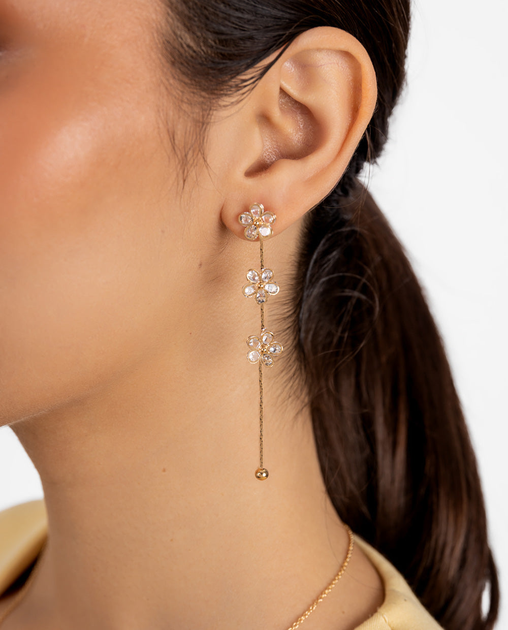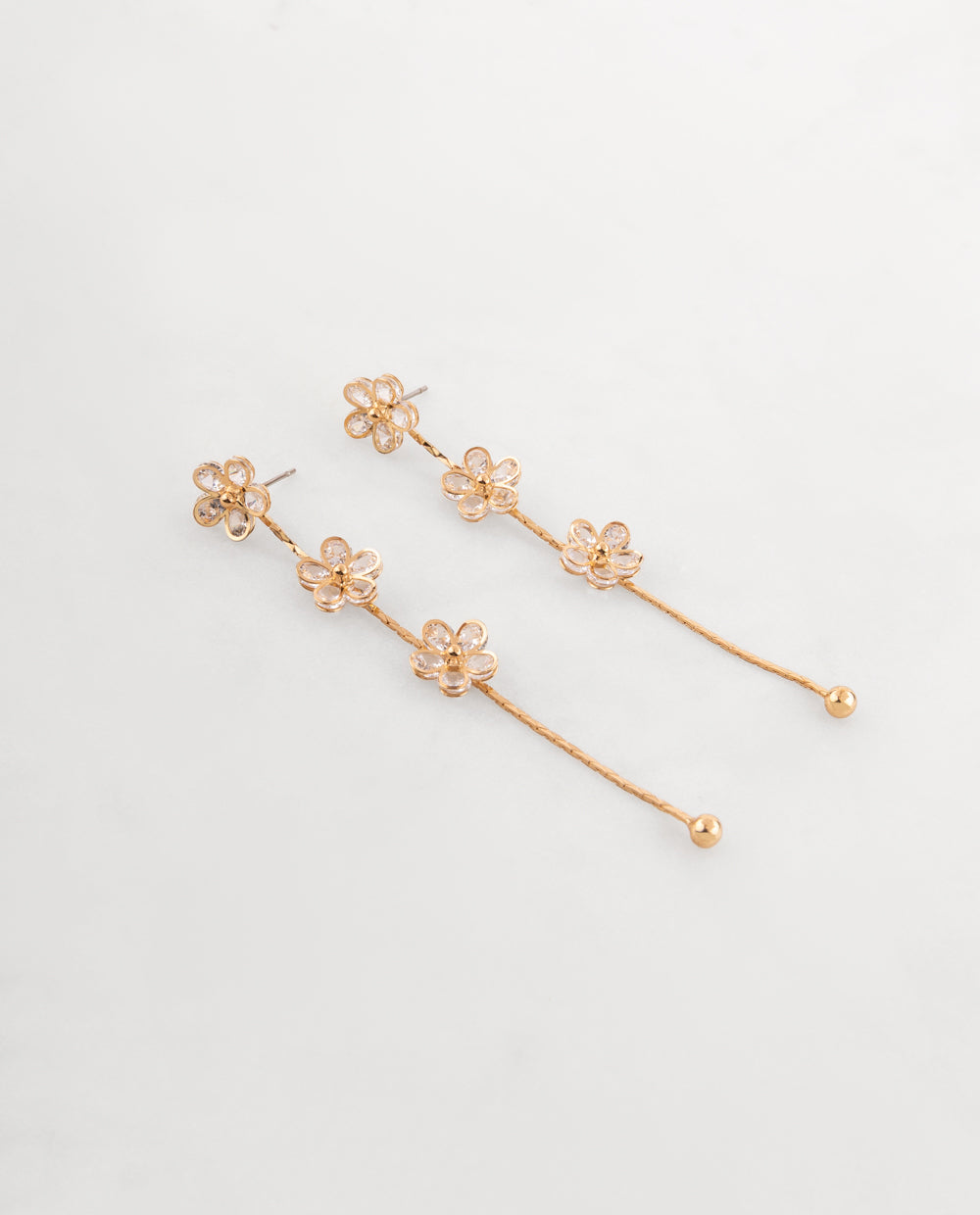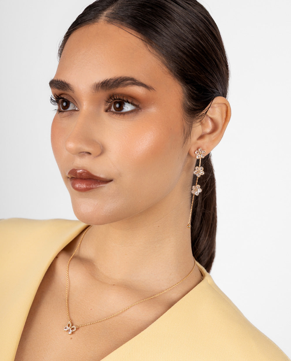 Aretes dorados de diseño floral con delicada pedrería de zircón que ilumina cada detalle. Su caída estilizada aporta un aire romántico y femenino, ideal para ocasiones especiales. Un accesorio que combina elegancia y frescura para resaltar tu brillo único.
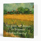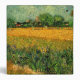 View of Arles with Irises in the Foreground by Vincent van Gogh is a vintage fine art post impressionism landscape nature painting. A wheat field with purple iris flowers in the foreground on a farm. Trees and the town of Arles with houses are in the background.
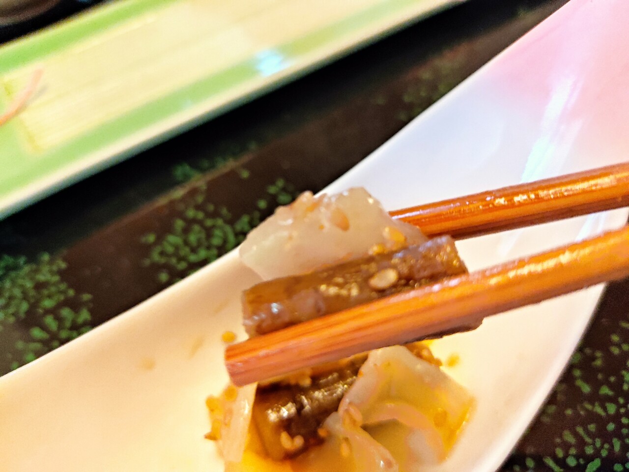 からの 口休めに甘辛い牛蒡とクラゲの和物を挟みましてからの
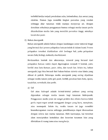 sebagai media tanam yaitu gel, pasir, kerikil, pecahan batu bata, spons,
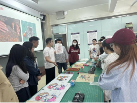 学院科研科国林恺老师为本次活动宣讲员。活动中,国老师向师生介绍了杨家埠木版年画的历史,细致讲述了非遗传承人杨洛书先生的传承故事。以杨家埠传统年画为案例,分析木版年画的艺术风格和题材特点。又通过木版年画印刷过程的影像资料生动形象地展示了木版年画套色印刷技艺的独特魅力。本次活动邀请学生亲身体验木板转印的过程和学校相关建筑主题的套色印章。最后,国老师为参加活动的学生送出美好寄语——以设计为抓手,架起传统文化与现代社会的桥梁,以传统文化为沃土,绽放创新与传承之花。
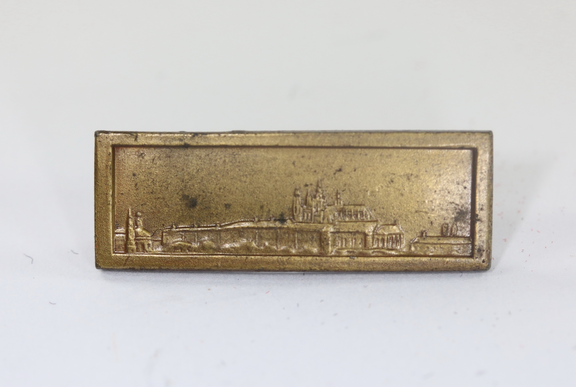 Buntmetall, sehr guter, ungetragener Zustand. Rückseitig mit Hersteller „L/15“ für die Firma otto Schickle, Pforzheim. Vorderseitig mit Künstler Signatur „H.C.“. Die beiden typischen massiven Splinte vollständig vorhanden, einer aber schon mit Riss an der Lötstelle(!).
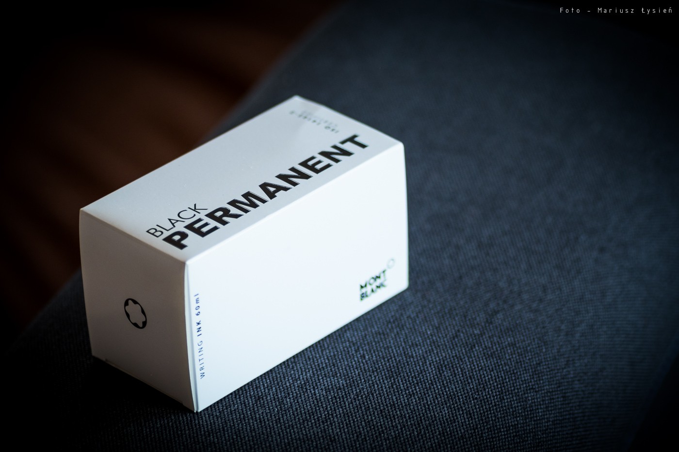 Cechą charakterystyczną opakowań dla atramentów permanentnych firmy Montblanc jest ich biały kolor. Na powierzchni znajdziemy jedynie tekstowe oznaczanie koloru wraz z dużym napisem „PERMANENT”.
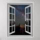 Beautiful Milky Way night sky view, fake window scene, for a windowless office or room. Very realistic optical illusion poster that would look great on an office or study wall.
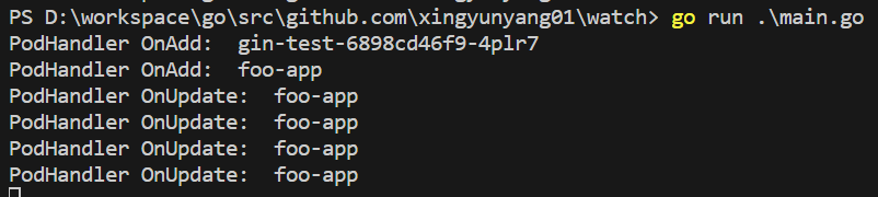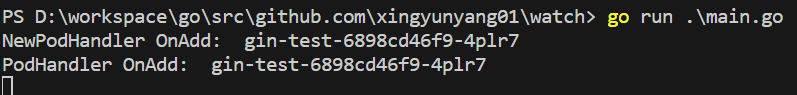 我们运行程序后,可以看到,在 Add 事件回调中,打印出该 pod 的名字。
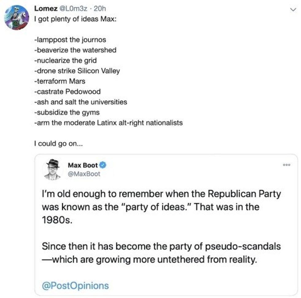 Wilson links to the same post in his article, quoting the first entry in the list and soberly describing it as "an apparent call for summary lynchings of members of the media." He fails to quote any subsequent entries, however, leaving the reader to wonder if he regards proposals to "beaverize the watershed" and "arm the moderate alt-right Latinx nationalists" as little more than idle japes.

* * *

=== AIM OF THE EXERCISE ===
Leave out the pictures and repeat the remaining data exactly.

=== RESPONSE AREA ===
 Aretes dorados de diseño floral con delicada pedrería de zircón que ilumina cada detalle. Su caída estilizada aporta un aire romántico y femenino, ideal para ocasiones especiales. Un accesorio que combina elegancia y frescura para resaltar tu brillo único.
 View of Arles with Irises in the Foreground by Vincent van Gogh is a vintage fine art post impressionism landscape nature painting. A wheat field with purple iris flowers in the foreground on a farm. Trees and the town of Arles with houses are in the background.
 からの 口休めに甘辛い牛蒡とクラゲの和物を挟みましてからの
 sebagai media tanam yaitu gel, pasir, kerikil, pecahan batu bata, spons,
 学院科研科国林恺老师为本次活动宣讲员。活动中,国老师向师生介绍了杨家埠木版年画的历史,细致讲述了非遗传承人杨洛书先生的传承故事。以杨家埠传统年画为案例,分析木版年画的艺术风格和题材特点。又通过木版年画印刷过程的影像资料生动形象地展示了木版年画套色印刷技艺的独特魅力。本次活动邀请学生亲身体验木板转印的过程和学校相关建筑主题的套色印章。最后,国老师为参加活动的学生送出美好寄语——以设计为抓手,架起传统文化与现代社会的桥梁,以传统文化为沃土,绽放创新与传承之花。
 Buntmetall, sehr guter, ungetragener Zustand. Rückseitig mit Hersteller „L/15“ für die Firma otto Schickle, Pforzheim. Vorderseitig mit Künstler Signatur „H.C.“. Die beiden typischen massiven Splinte vollständig vorhanden, einer aber schon mit Riss an der Lötstelle(!).
 Cechą charakterystyczną opakowań dla atramentów permanentnych firmy Montblanc jest ich biały kolor. Na powierzchni znajdziemy jedynie tekstowe oznaczanie koloru wraz z dużym napisem „PERMANENT”.
 Beautiful Milky Way night sky view, fake window scene, for a windowless office or room. Very realistic optical illusion poster that would look great on an office or study wall.
 我们运行程序后,可以看到,在 Add 事件回调中,打印出该 pod 的名字。
 Wilson links to the same post in his article, quoting the first entry in the list and soberly describing it as "an apparent call for summary lynchings of members of the media." He fails to quote any subsequent entries, however, leaving the reader to wonder if he regards proposals to "beaverize the watershed" and "arm the moderate alt-right Latinx nationalists" as little more than idle japes.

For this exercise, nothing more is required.